TypeScript Project Reloads

  • Guard project.reload() with a debounce; rapid reloads can starve the event loop.
  • Catch errors from TypeScripts API and surface them with actionable messaging (e.g., “Failed to read tsconfig.json: …”).

Plugin Exceptions

  • Wrap plugin hooks in try/catch to prevent a single plugin from taking down the server.
function safeInvoke<T>(fn: () => T, fallback: T) {
  try {
    return fn();
  } catch (err) {
    log('error', 'Plugin error', { err: String(err) });
    return fallback;
  }
}

Memory Pressure

  • Dispose snapshots (snapshot.dispose?.()) when removing virtual files.
  • Avoid keeping entire project graphs in memory—rely on Volars internal caches.
  • Expose a volar/clearCaches command for debugging sessions; reset caches when memory spikes.
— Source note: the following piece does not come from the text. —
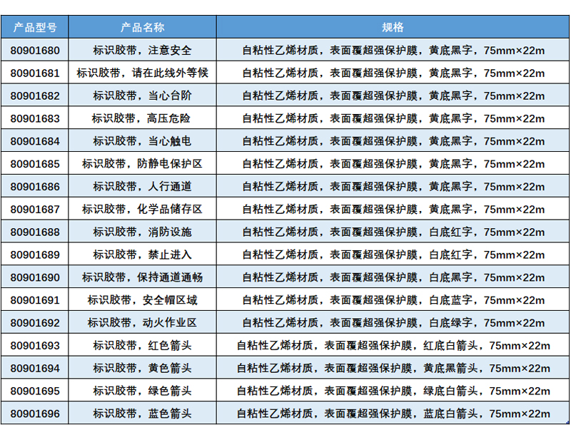 ·采用进口自粘性乙烯材质,表面覆超强保护膜,比一般普通标志胶带更加坚固耐用; ·可根据具体情况裁切张贴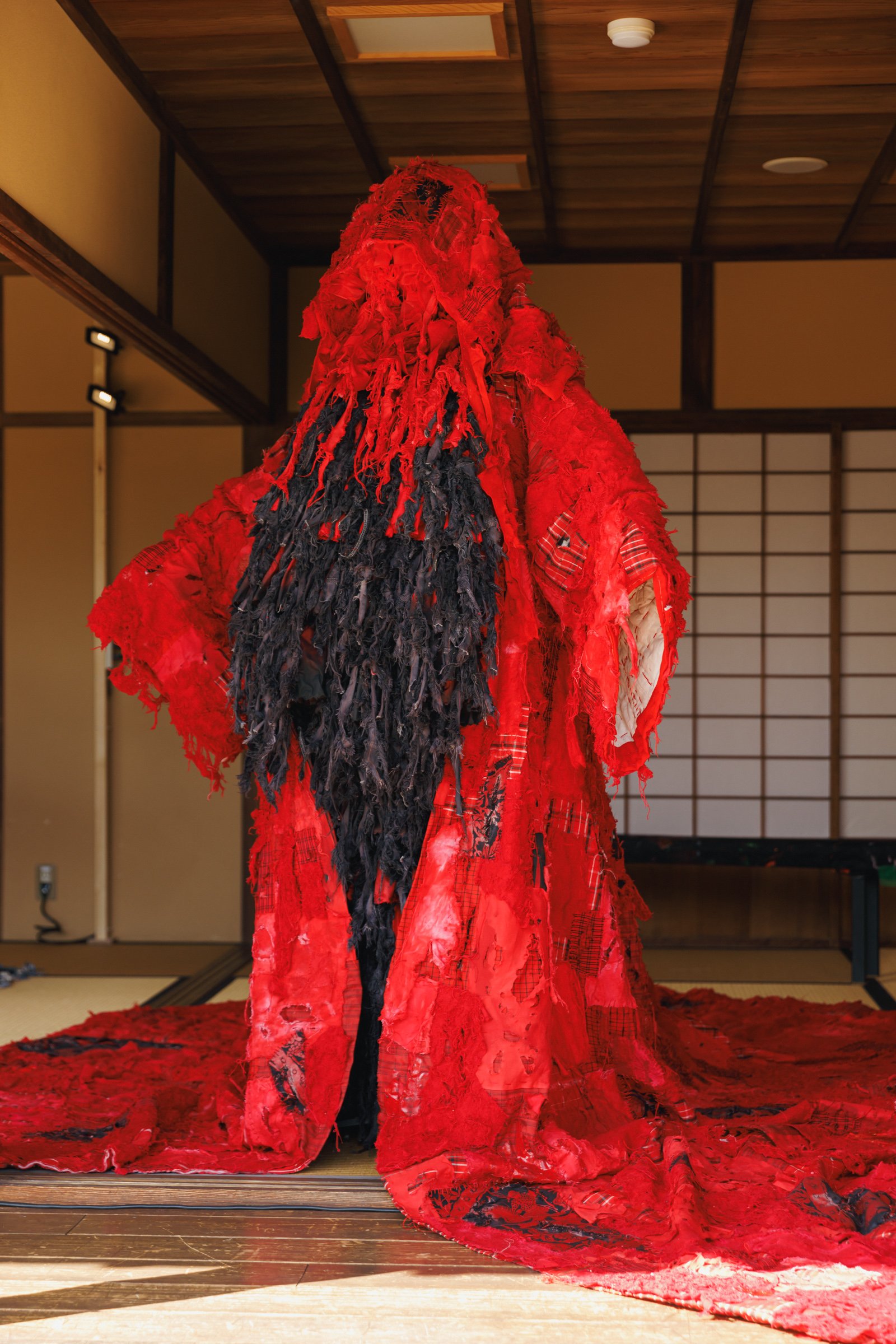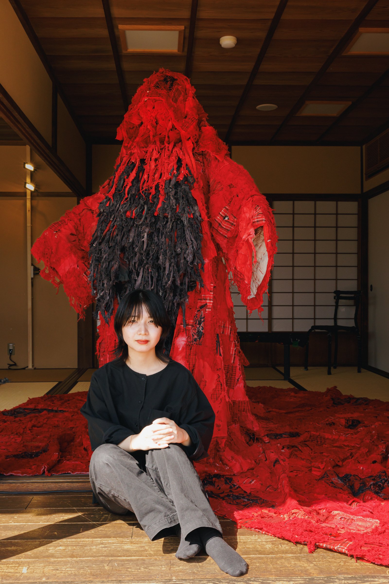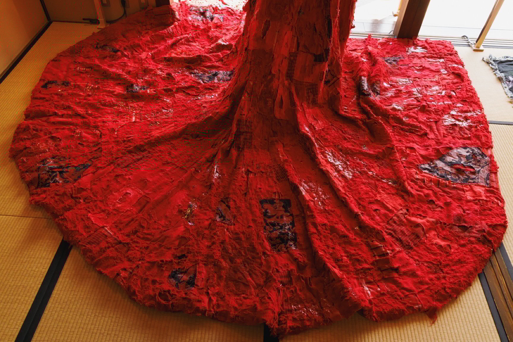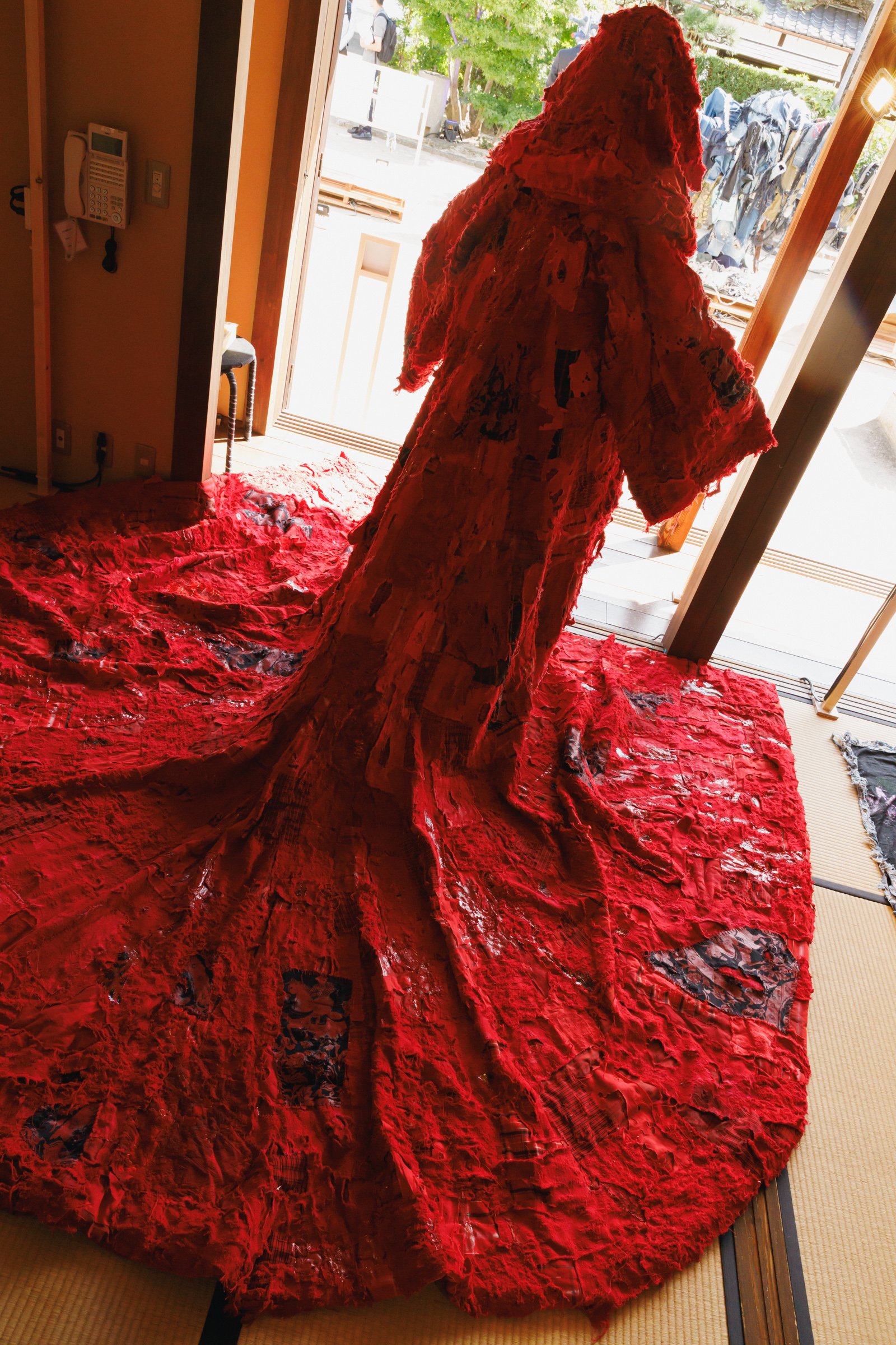 2019年にITSファッション部門のファイナリストに最年少19歳で選出され、現在はアーティストの衣装なども手掛けるデザイナーで美術家の八木華は、デニムと白無垢などの晴れ着の廃材を掛け合わせた「襤褸の晴れ着」を披露。デニム素材を用いた作品制作は、襤褸(ぼろ)を着想源に「ディーゼル(DIESEL)」のデニムを使って制作したITSの課題作品以来、4年ぶりだという。今回は様々な固定概念を壊していくことをテーマに、貧しさの中で生まれた襤褸と正反対存在である晴れ着の素材を使用し、デニムのイメージである青と対照的な赤色にデニムを染め直した。赤色には、白無垢に込められた「花嫁が結婚相手の家に染まる」といった意味に対するアンチテーゼも含まれている。

Fallback Configuration Strategy

  1. Load default config.
  2. Merge user config (server.configurations).
  3. Validate; if validation fails, log error and keep defaults.
  4. Apply new config atomically (e.g., swap references to schema caches).
function applyConfiguration(rawConfig: unknown) {
  const parsed = schema.safeParse(rawConfig);
  if (!parsed.success) {
    log('warn', 'Invalid config, using defaults', { issues: parsed.error.issues });
    return defaultConfig;
  }
  return { ...defaultConfig, ...parsed.data };
}

Editor Recovery Patterns

VS Code

  • Use connection.languages.diagnostics.refresh after recovering from an error (e.g., schema server returns to service) to prompt the client for fresh diagnostics.
  • Provide a command “Reload Volar Server” that restarts the process if the user wants a clean slate.

Neovim / CLI

  • Document a :VolarRestart command or CLI flag (volar --restart) to drop caches.
  • If the server exits due to an unrecoverable error, ensure the client auto-restarts it with limited retries to avoid infinite loops.

Testing Resilience

  1. Simulate network failures by mocking fetch to throw errors.
  2. Provide fixtures with malformed configuration and assert the server falls back to defaults without crashing.
  3. Force server.documents.get to return undefined mid-request to confirm handlers bail out gracefully.
  4. Run stress tests opening/closing hundreds of files to ensure watchers and caches dont leak.

Monitoring & Alerts

  • Emit telemetry for repeated failures (5 schema fetch failures in a row) and consider surfacing a notification prompting the user to check their network or configuration.
  • Track server restarts if the host environment allows; multiple restarts in quick succession indicate a crash loop.

Quick Reference Checklist

  • Cache schemas and support offline mode.
  • Validate configuration and fall back to defaults on errors.
  • Guard plugin hooks and log exceptions.
  • Compare document versions before publishing diagnostics.
  • Dispose snapshots and purge caches when documents close.
  • Provide commands or RPC hooks to restart/clear caches.
  • Surface actionable notifications for persistent issues.
  • Cover failure scenarios in tests (network, config, missing files).

Designing for resilience upfront saves countless hours later. Treat every external dependency (network, file system, user config) as unreliable, and make fallbacks explicit so your language server remains stable under real-world conditions.